In the listing below, find the line with "Next up is a" and copy every line from there up to and including the line with "Panty liners with a fresh", exactly and without pictures.

**Source information**:

• • • •

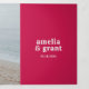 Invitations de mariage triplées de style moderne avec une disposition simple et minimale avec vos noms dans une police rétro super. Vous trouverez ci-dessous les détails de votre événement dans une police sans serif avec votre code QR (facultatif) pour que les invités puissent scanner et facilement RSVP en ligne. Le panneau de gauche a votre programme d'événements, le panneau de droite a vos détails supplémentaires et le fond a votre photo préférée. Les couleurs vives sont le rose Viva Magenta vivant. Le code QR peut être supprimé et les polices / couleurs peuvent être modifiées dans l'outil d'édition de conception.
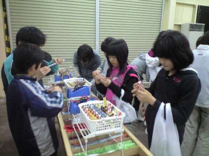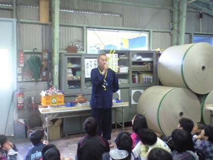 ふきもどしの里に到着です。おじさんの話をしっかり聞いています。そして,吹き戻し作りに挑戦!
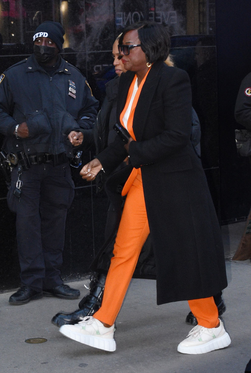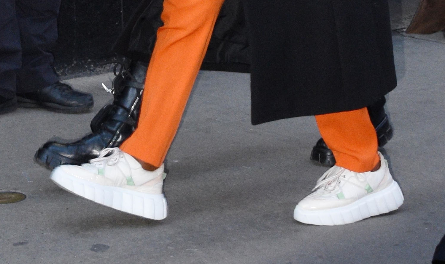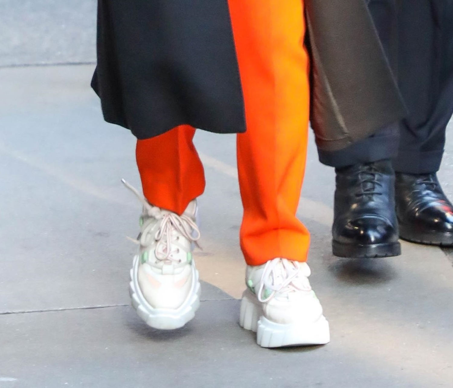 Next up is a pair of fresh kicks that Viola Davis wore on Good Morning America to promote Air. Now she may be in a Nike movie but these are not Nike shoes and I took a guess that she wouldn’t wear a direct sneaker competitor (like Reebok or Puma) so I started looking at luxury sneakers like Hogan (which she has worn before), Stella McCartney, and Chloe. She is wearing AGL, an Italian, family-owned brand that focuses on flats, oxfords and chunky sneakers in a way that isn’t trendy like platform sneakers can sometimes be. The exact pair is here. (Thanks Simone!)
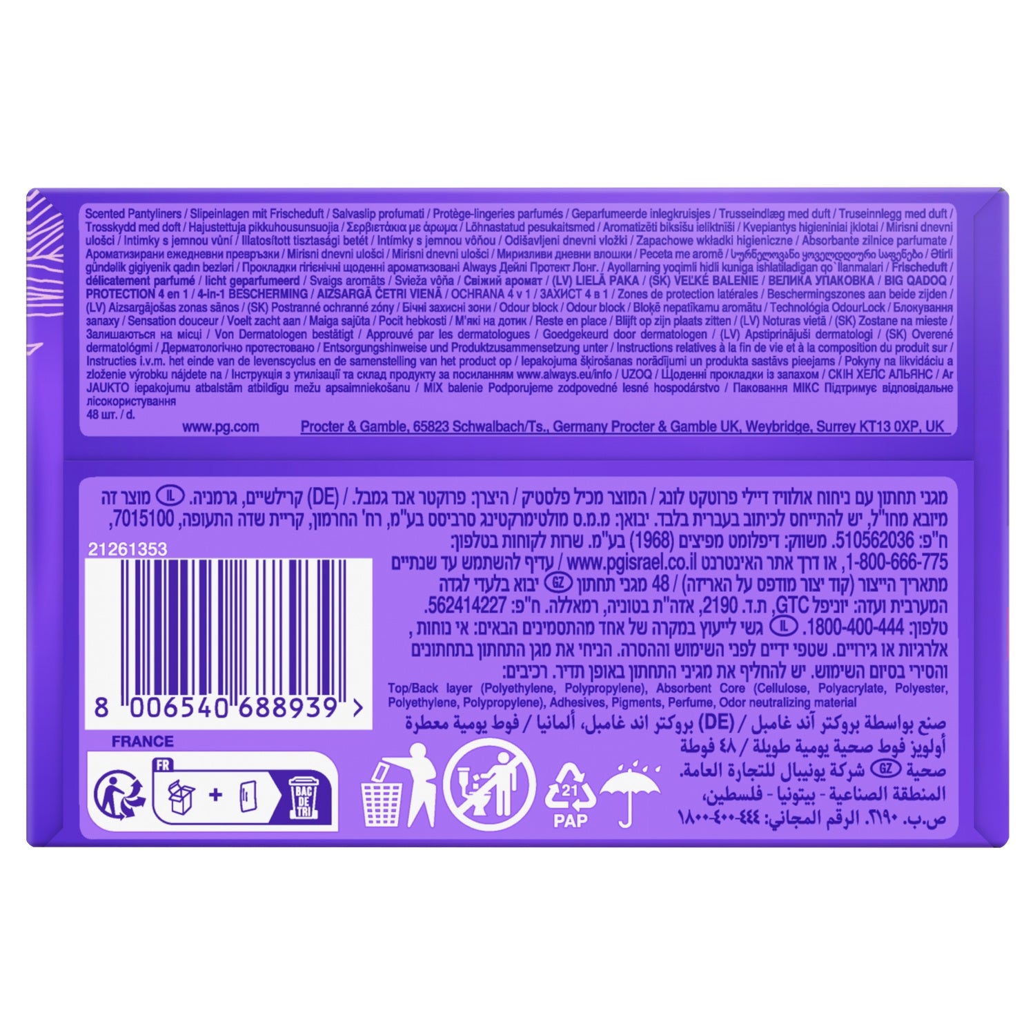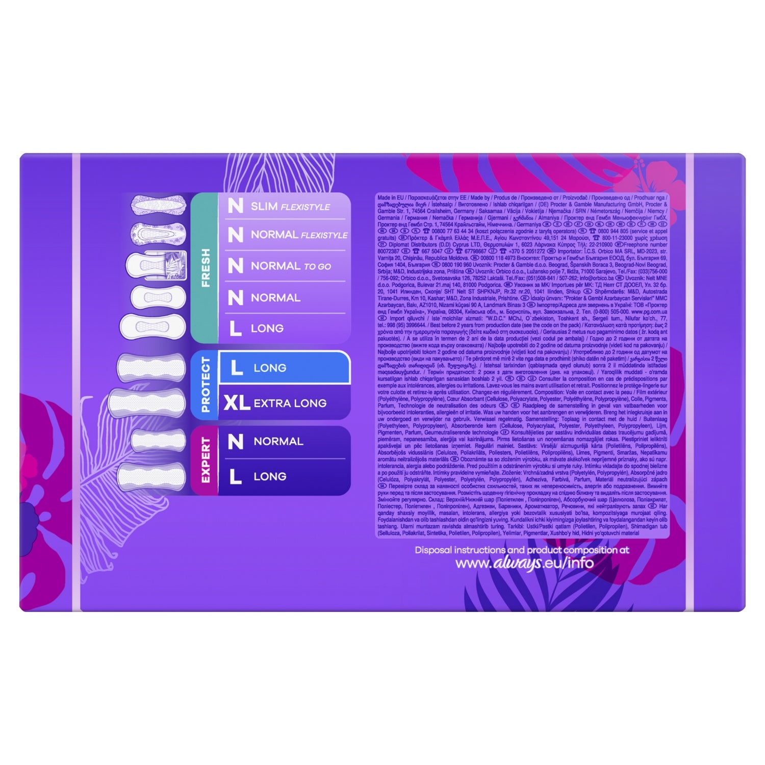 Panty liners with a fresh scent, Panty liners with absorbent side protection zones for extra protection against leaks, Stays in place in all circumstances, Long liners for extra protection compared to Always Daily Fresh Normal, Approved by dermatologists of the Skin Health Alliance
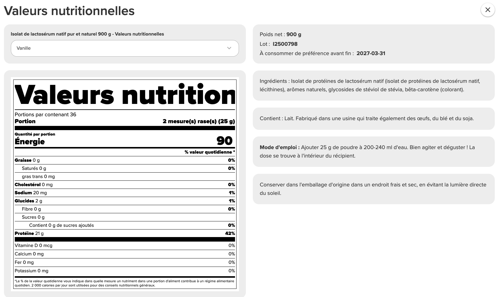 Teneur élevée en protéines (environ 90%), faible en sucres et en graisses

• • • •

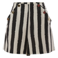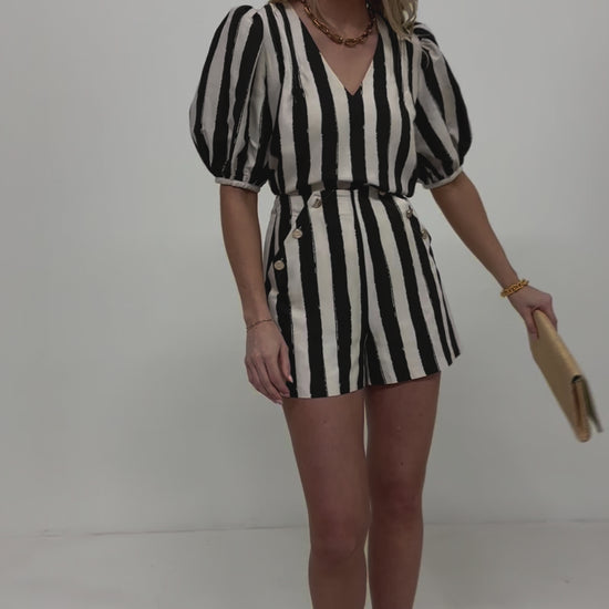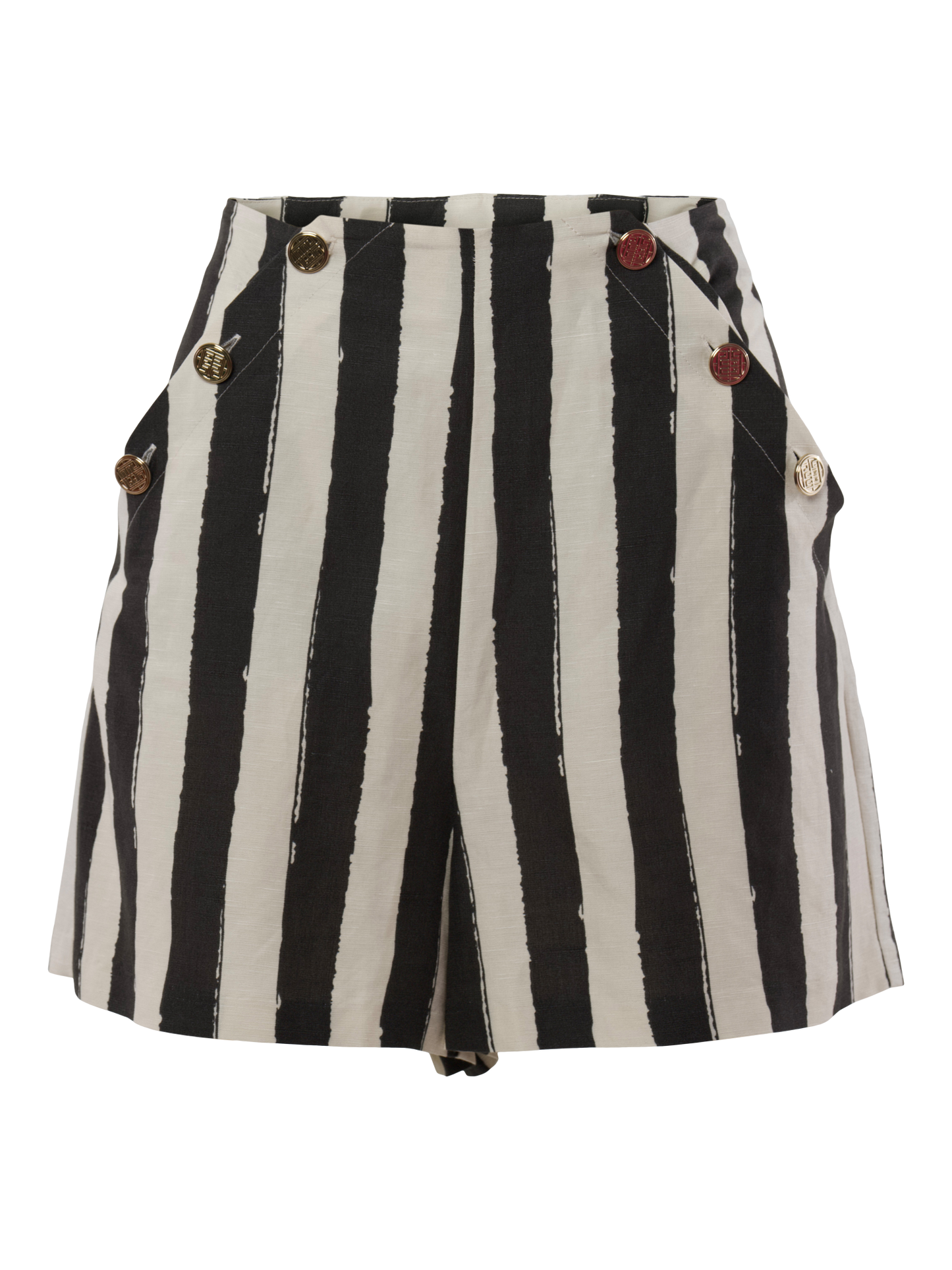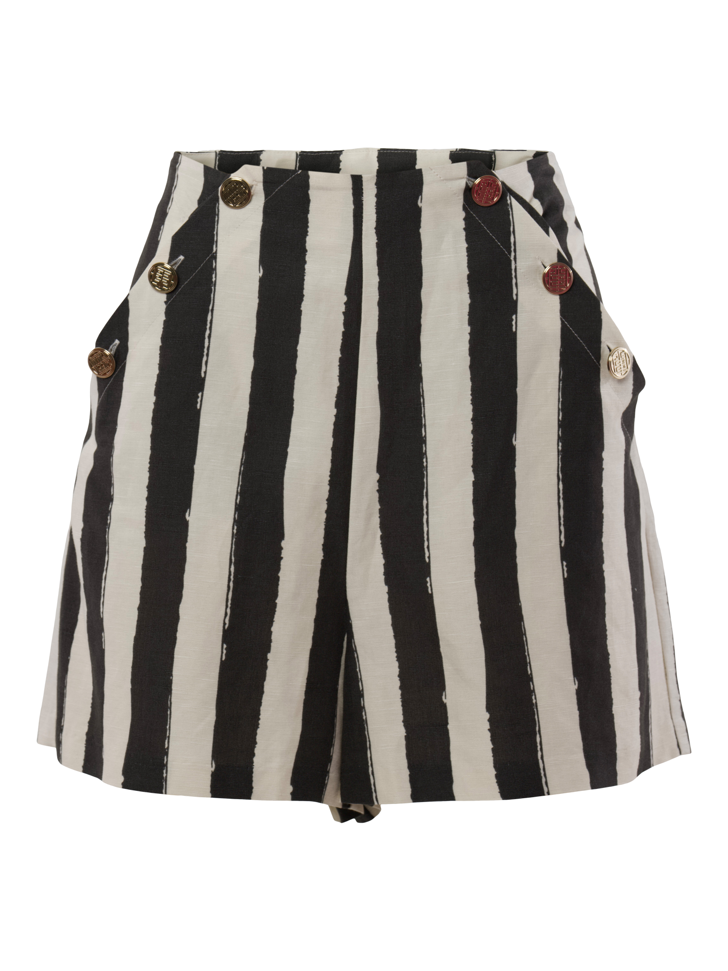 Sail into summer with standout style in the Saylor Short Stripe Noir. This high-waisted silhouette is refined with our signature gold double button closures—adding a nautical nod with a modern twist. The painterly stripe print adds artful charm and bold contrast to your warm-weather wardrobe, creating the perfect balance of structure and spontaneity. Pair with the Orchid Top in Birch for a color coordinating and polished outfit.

• • • •

**Finished task**:
 Next up is a pair of fresh kicks that Viola Davis wore on Good Morning America to promote Air. Now she may be in a Nike movie but these are not Nike shoes and I took a guess that she wouldn’t wear a direct sneaker competitor (like Reebok or Puma) so I started looking at luxury sneakers like Hogan (which she has worn before), Stella McCartney, and Chloe. She is wearing AGL, an Italian, family-owned brand that focuses on flats, oxfords and chunky sneakers in a way that isn’t trendy like platform sneakers can sometimes be. The exact pair is here. (Thanks Simone!)
 Panty liners with a fresh scent, Panty liners with absorbent side protection zones for extra protection against leaks, Stays in place in all circumstances, Long liners for extra protection compared to Always Daily Fresh Normal, Approved by dermatologists of the Skin Health Alliance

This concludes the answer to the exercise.